Using this we then define our recurrence relationship:

$$ Q(n,Z,L) = \begin{cases} O\left ( \frac{n^2}{L} \right ) & \mbox{if } n \leq f \sqrt{Z}\\ 8Q(n/2,Z,L) + O(1) & \mbox{otherwise} \end{cases} $$

Solving this gives us

$$ Q(n,Z,L) = O\left ( \frac{n^3}{L\sqrt{Z}} \right ). $$

Which is the optimum non-Strassen algorithm.

Note here, there was no fine tuning in this algorithm for the machine we work on. This means it is Cache-Oblivious.

# Binary Search

Previously we saw that using a B-tree to store the keys can give us a cache-aware algorithm. However, we still needed to finetune the B-tree to the hardware. Can we make this more cache-oblivious?

The binary search algorithm is already cache-oblivious but we didn’t utilise the cache well due to the structure of the data. Just like with the B-tree, lets structure the data better again! We can use a binary search tree to assist us in binary search. Traditionally binary trees are laid out similarly to a heap. This is where using 0-indexed positions:

• Parent of node at index $i$: $\lfloor (i-1)/2 \rfloor$

• Left child of node at index $i$: $2i+1$

• Right child of node at index $i$: $2i+2$

However, this layout does not help us because children and parents are far away from one another.

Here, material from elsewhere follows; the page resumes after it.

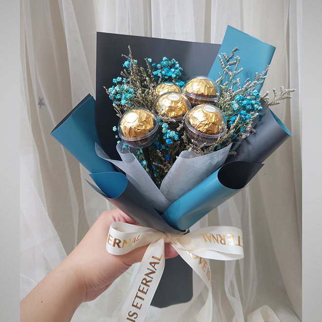 【KIRA與花花藝】I LOVE YOU金莎花束/三顆/水藍/乾燥花花束/情人節花束/畢業花束/生日禮物/情人節禮物

This layout means that once a sub-tree is of size $\leq L$ it will fit into a single cache line. Applying this to a search tree means once we have $L$ searches left we will have all the data we need in a single cache line. Though as this is just a data structure on how we store the tree - it doesn’t need to know $L$ before hand to get this advantage, whereas a B-tree does.

Therefore applying binary search to a binary search tree in Van Emde Boas layout is a cache-oblivious search algorithm with:

Operations: $O(\log_2(n))$ (same as binary search).

Cache-misses: $O(\log_2(n) - \log_2(L)) = O \left ( \log \left ( \frac{n}{L}\right ) \right )$ - the optimum for this problem.